Leur conclusion : l’augmentation de la part de la publicité en période de récession a plus d’impact sur les bénéfices et la part de marché qu’une intensification des efforts en période de croissance économique. Les résultats révèlent néanmoins que l’efficacité de la publicité dépend du niveau de cyclicité du secteur. Les effets de la publicité dans des secteurs très cycliques seraient jusqu’à 50 % plus forts en termes de part de marché et jusqu’à 200 % plus importants en termes de bénéfice que dans les secteurs marqués par une cyclicité moyenne. Le facteur « cyclicité », qui reflète l’impact de la conjoncture, se manifesterait principalement en période de récession.
D’après d’autres études, l’effet des dépenses publicitaires en période de crise dépend essentiellement de la solidité financière de l’entreprise. Plus l’entreprise est financièrement solide, plus la hausse des investissements publicitaires en période de récession accroît la rentabilité.
Bénéfique pour l’action
La recherche empirique démontre donc que la publicité associée à de meilleures performances financières en période de récession peut stimuler les ventes, accroître la part de marché et améliorer la rentabilité. Comme précisé, il s’agit ici des conséquences directes de la publicité. Mais la publicité a-t-elle aussi un impact indirect, notamment sur les marchés financiers ? La manière dont les investisseurs évaluent les entreprises et les actions joue-t-elle un rôle ?
Les professeurs Amit Joshi et Dominique Hanssens ont étudié les effets de la publicité sur la valeur boursière d’une entreprise. D’après eux, la publicité a non seulement un impact à court terme, sur les ventes et la rentabilité, mais elle a aussi un effet positif à long terme sur le rendement des actions des entreprises. Les professeurs avancent deux causes possibles. L’effet d’entraînement (spillover), premièrement : les investisseurs préfèrent les marques fortes et célèbres, car ils pensent que la notoriété et la perception de la qualité peuvent avoir une influence (entraînement) sur la demande d’actions des entreprises dont le portefeuille renferme des marques fortes. La deuxième cause est l’effet de signal (signalling) : des investissements publicitaires sont perçus par les investisseurs comme un signe de santé financière de l’entreprise en question. Les entreprises qui investissent dans le marketing et la publicité font savoir qu’elles suivent une stratégie de croissance, ce qui fera grimper leur valeur à terme.
Conclusion provisoire
Ma conclusion ? Contrairement à ce que l’on croit ou fait souvent, il est économiquement judicieux de continuer à investir dans le marketing et la publicité en période de récession.
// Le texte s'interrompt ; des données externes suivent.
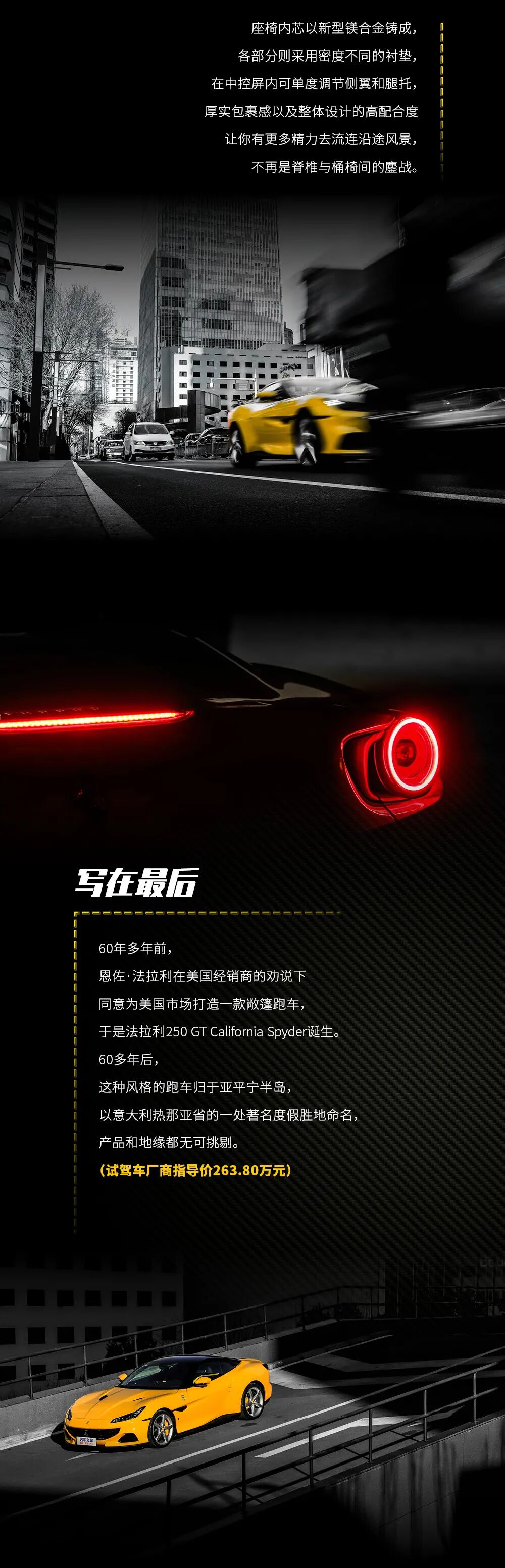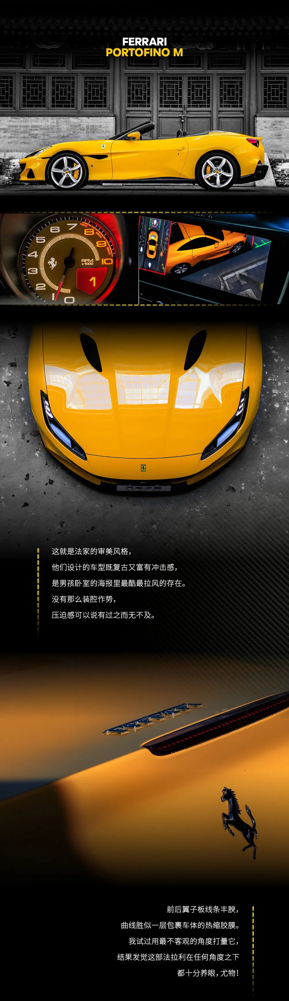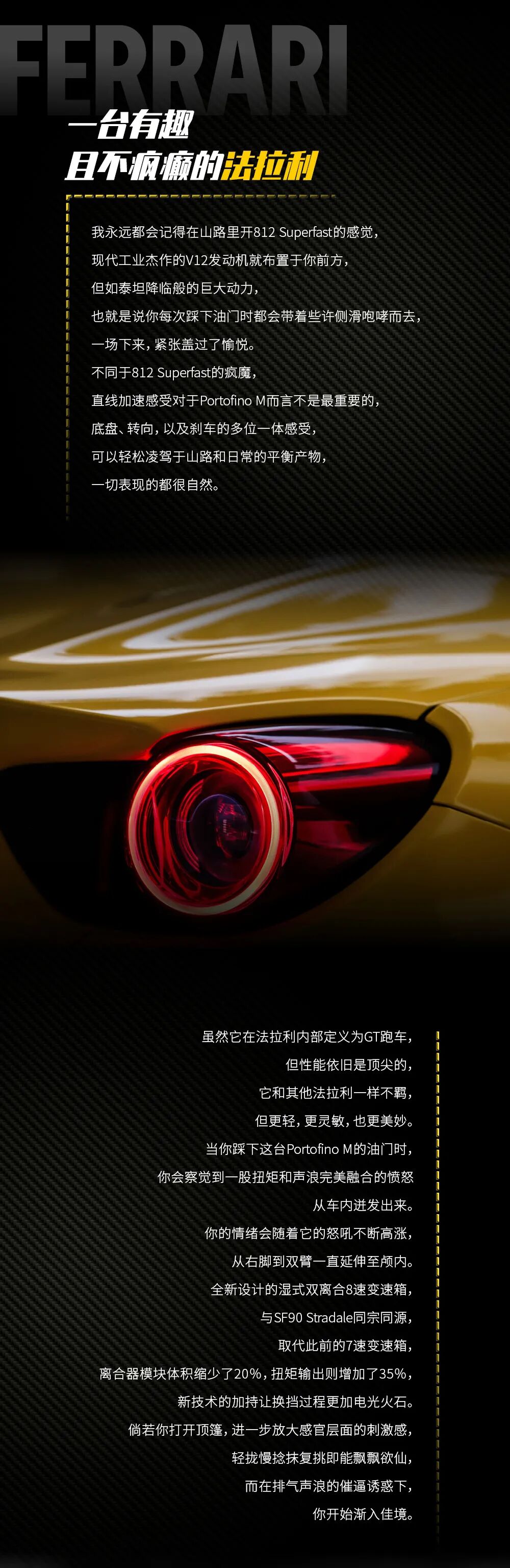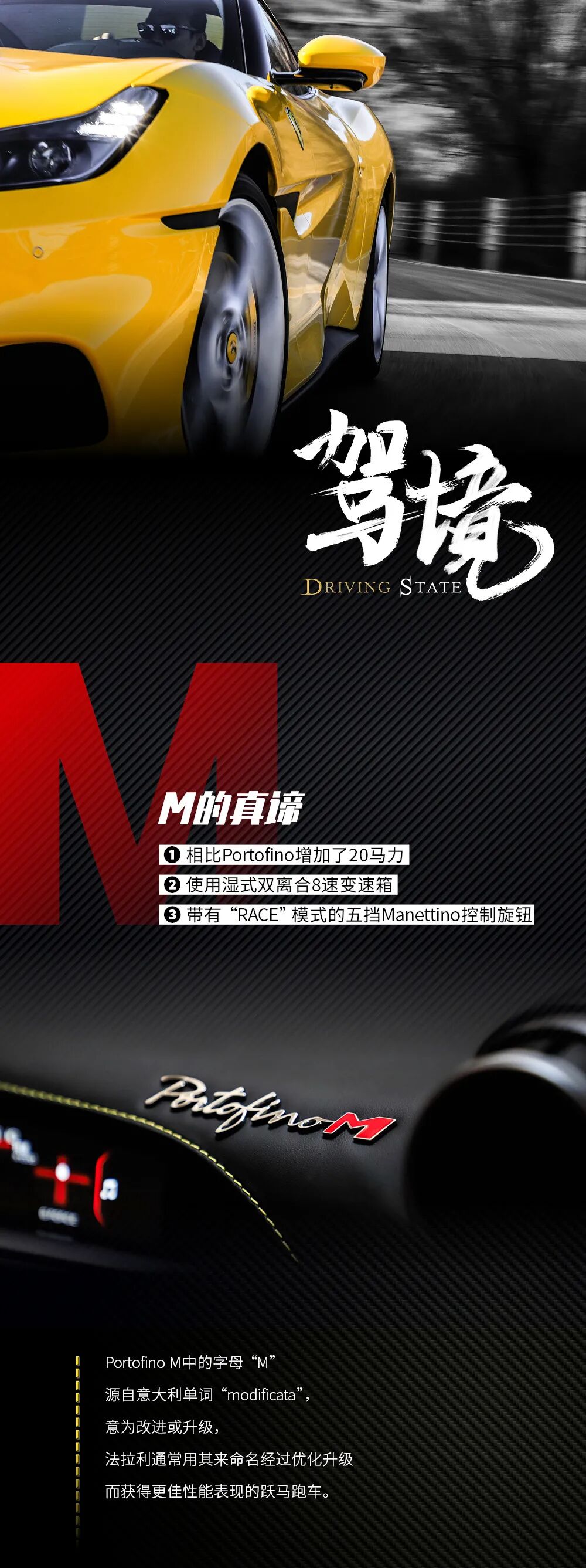法拉利Portofino M象征着法拉利品牌即将开启全新探索之旅。Portofino M中的字母“M”源自意大利单词“modificata”,意为改进或升级,法拉利通常用其来命名经过优化升级而获得更佳性能表现的跃马跑车。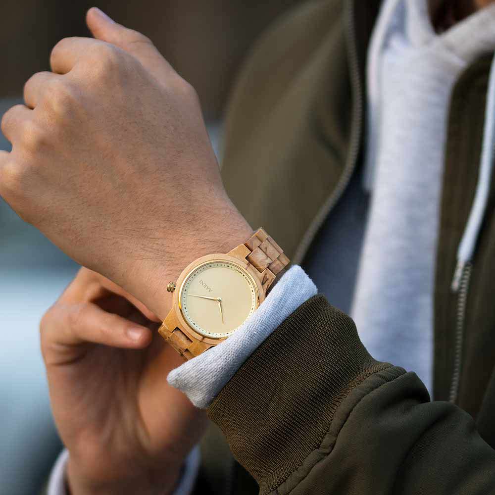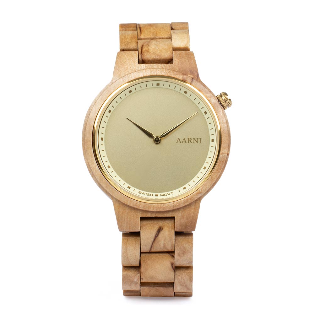 Arvokasta kotimaista. Suomalaisesta visakoivusta valmistettu Aarni XO on elegantti rannekello Sinulle, joka etsit ainutlaatuista kelloa. Kultaiset yksityiskohdat yhdistettynä ohueen koteloon tekevät tästä mallista todellisen katseenvangitsijan, joka sopii erinomaisesti sekä miesten että naisten ranteeseen. Kellon sydämenä toimii tarkka ja laadukas sveitsiläinen Ronda-koneisto.

L’effet sera même plus fort qu’en temps normal. À condition toutefois que les marques soient disponibles pour les consommateurs (en point de vente ou en ligne). Les consommateurs adaptent, en effet, leur comportement d’achat pendant une récession. Les absents risquent donc de ne plus retrouver le chemin du fameux panier de la ménagère. Une marque forte reste, en outre, aux côtés de ses clients, dans les bons et les mauvais moments. Une crise est un moment de vérité pour toute relation entre une marque et ses clients.